In the Passover Haggadah, “4 sons” are allegorically mentioned:
- one wise,
- one evil/rebellious,
- one simple, and
- one who “doesn’t even know how to ask.”
The four of them represent the types of people that exist among us.
In favor of the “4 daughters” and “4 mothers”
In the Israeli women’s discourse today, during the days of the greatest protest in the modern history of Israel, there is now a new comparison talking about 4 parallel “daughters” also representing the diversity of women in Israel. The diversity speaks to the many gradations of opinion like the colors of the rainbow. And even the women themselves are divided here over their rights. There is no general female consensus on how the female sector should be conducted. There is a dispute about what is right and what is allowed and what is not.
We open for you a window onto current Israeli attitudes. Here is a text written by the well-known Israeli writer Yehudit Rotem, who grew up and was educated in the ultra-Orthodox world. She took these “4 sons” and how they are described in the Passover Haggadah text, and then interpreted them as female characters that exist today in Israeli society:
The wise daughter – what does she say? “What are the protests and riots and the war on the laws of justice and freedom that you have taken upon yourselves?”

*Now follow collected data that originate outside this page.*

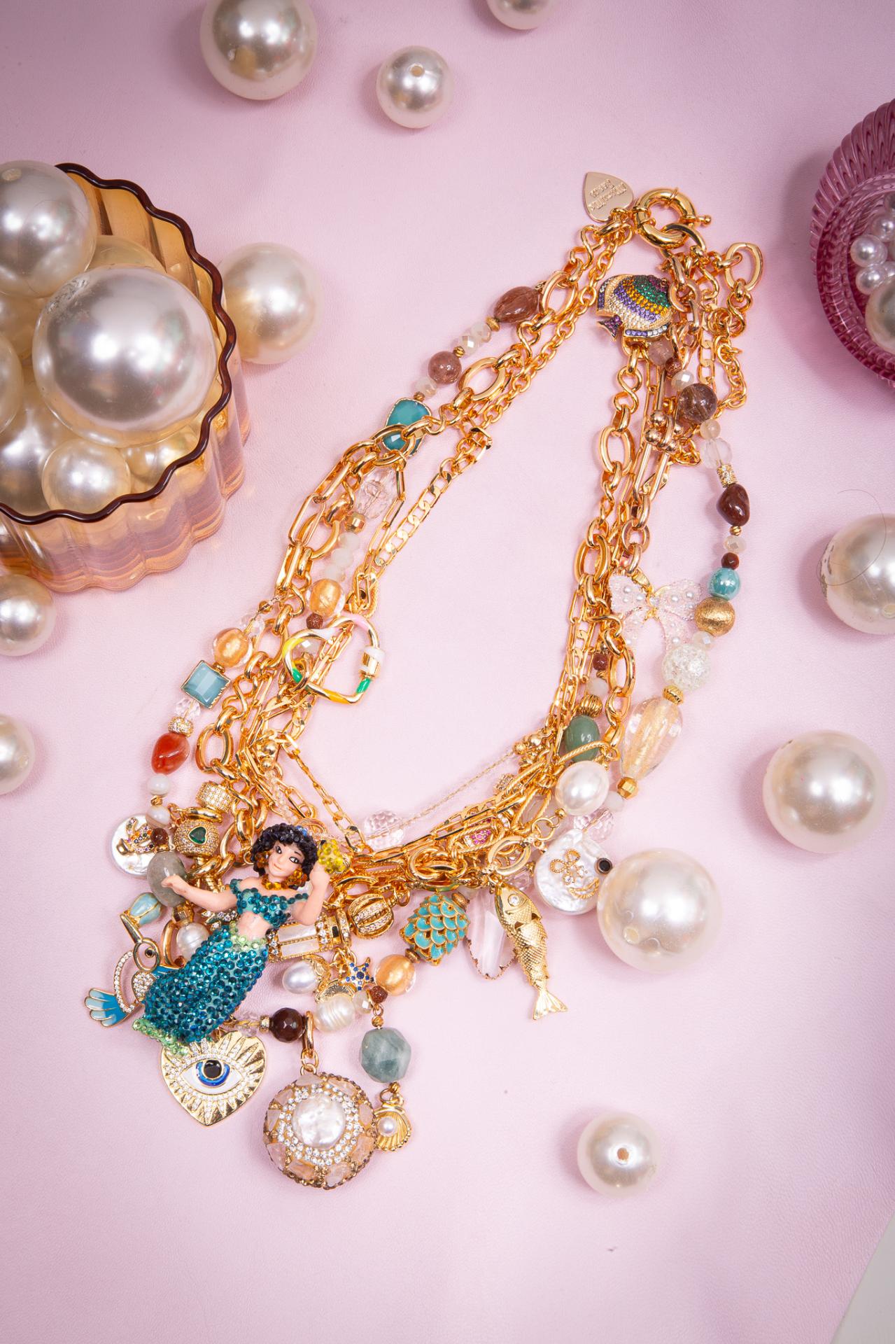 A stainless steel and enameled necklace with pearls stones and assorted charms, finished with a sparkling princess pendant. Crafted using upcycled and recycled materials, this necklace reflects MiniMe Paris’s commitment to creativity and conscious fashion.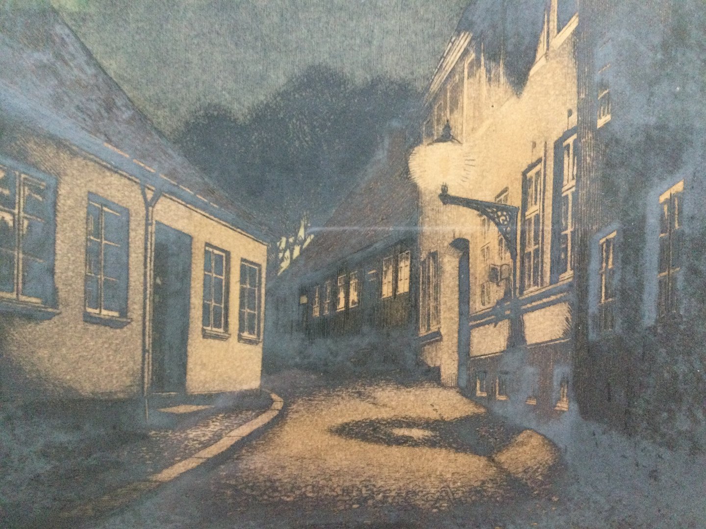 Radering af Peter Holm - Strandgade, Randers - Aften.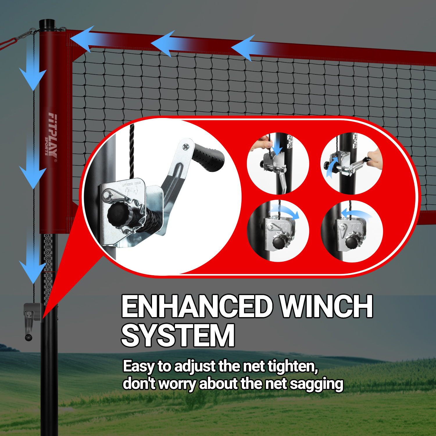 Durable 2" powder-coated aluminum poles with anti-slip winch for easy net tension adjustment.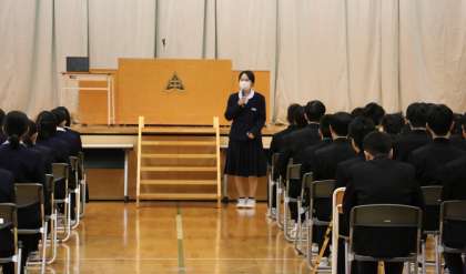 3年生の想いが込められた合唱を、1、2年生は真剣な態度で聞いていました。その後、在校生を代表して生徒会長が「先輩達の想いを受け継ぎ、先輩達のように芝園中学校を引っ張っていきます」と決意を述べました。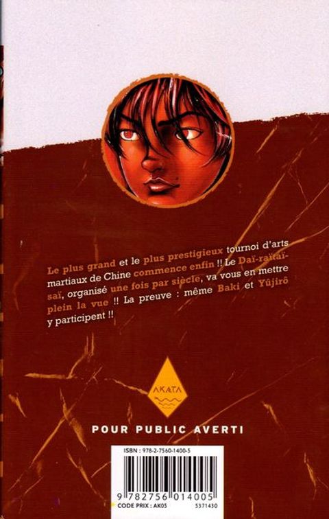 Baki est désormais en route pour la Chine ! Officiellement, il part pour guérir des poisons de Yanagi, mais en réalité, il participera au Daï-raïtaï-saï, le plus grand tournoi d'arts martiaux chinois ! Mais avant de combattre son père, Baki doit faire face aux Kaïô, les douze invincibles protecteurs de la Chine, ainsi qu'à Muhammad Ali junior, l'incroyable fils du plus grand boxeur du monde !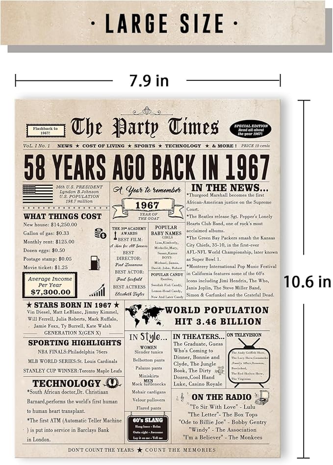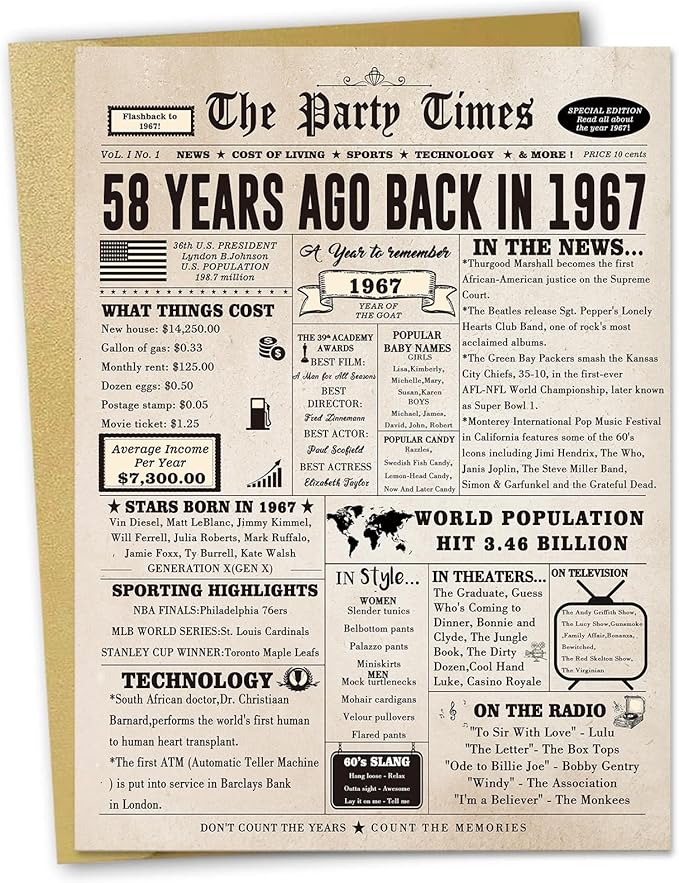 • 【58th Birthday Decorations for Women】This is a good topic. It's interesting to see how much everything cost back then, to see what happened back then.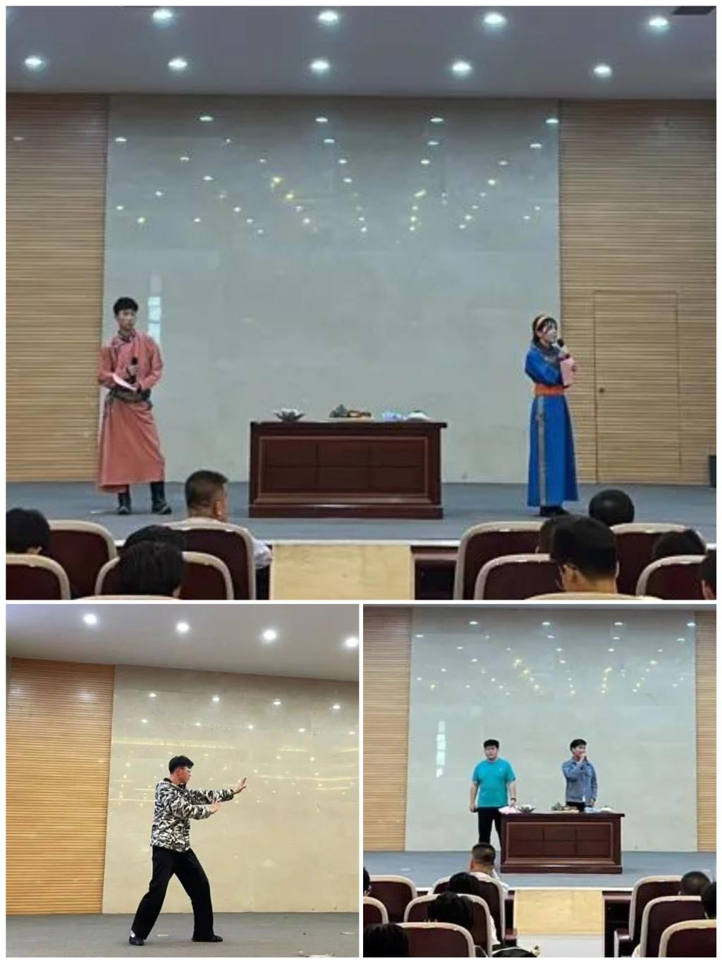 本次活动在民族服饰走秀中拉开序幕,同学们身着汉族、蒙族、苗族、藏族等民族服饰进行展示,旁白解说各民族服饰特点,让观众们感受到民族服饰的魅力的同时也加深了对不同民族的文化背景和发展历史的了解。蒙古族歌曲《女人的命运》,大屏幕上播放着蒙古族姑娘出嫁的视频,让现场师生仿佛身临其境。节目丰富多彩,有古典舞《簪花记》、中国剪纸和书法展示、马头琴演奏《美丽的草原我的家》、国术散手八卦掌和蒙古族博克的演示。还进行了各民族饮食文化的介绍,现场的师生共同品尝了奶茶、月饼、粽子等各民族特色美食。此次文艺展演在全场师生大合唱《相亲相爱一家人》中圆满落幕。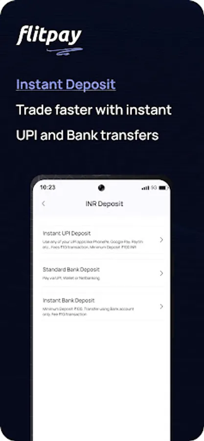 Instant Deposit and withdraw INR - Flitpay lets you deposit and withdraw INR using UPI, IMPS, NEFT, or RTGS automatically.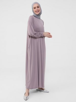 Refka Toz Lila Gizli Cepli Elbise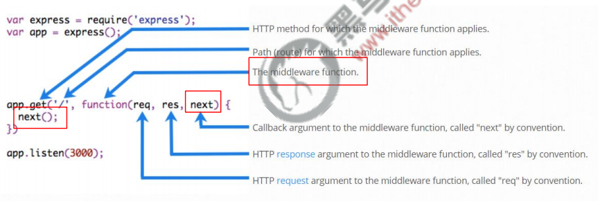 注意:中间件函数的形参列表中,必须包含 next 参数。而路由处理函数中只包含 req 和 res。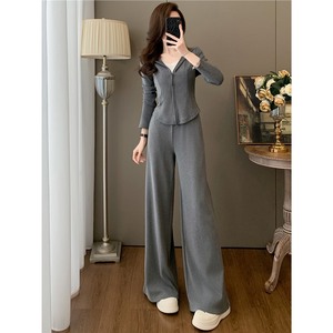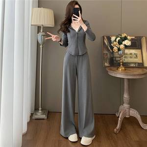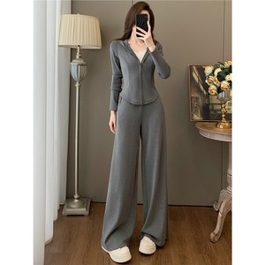 高级感灰色休闲运动套装女2025秋季修身显瘦开衫上衣阔腿裤两件套

And we tell her that we won’t stop protesting even after the verdict, but will continue until we triumph.
The evil/rebellious daughter – What does she say? “What is this protest and uprising!”
And we tell her, “For this we will finally come out of slavery to freedom. From darkness to light. We and not you, the loss will be all yours, that you are not redeemed with us.”
The simple daughter – what does she say? “What are all the flags and drums and announcements and speeches?”
And you will tell her: “With courage, with patriotism, with determination and dedication, we will make sure our nation does not become dictatorial; we will prevent violence against women, and prevent violation of our basic rights.”
The daughter who doesn’t know how to ask – they told her: “You shall tell your daughter: ‘Thanks to us, the women, the whole country will come out of darkness into light… From shame and anxiety to joy and good spirits. And we will live together as equals.'”
Is this really such an extreme request to make?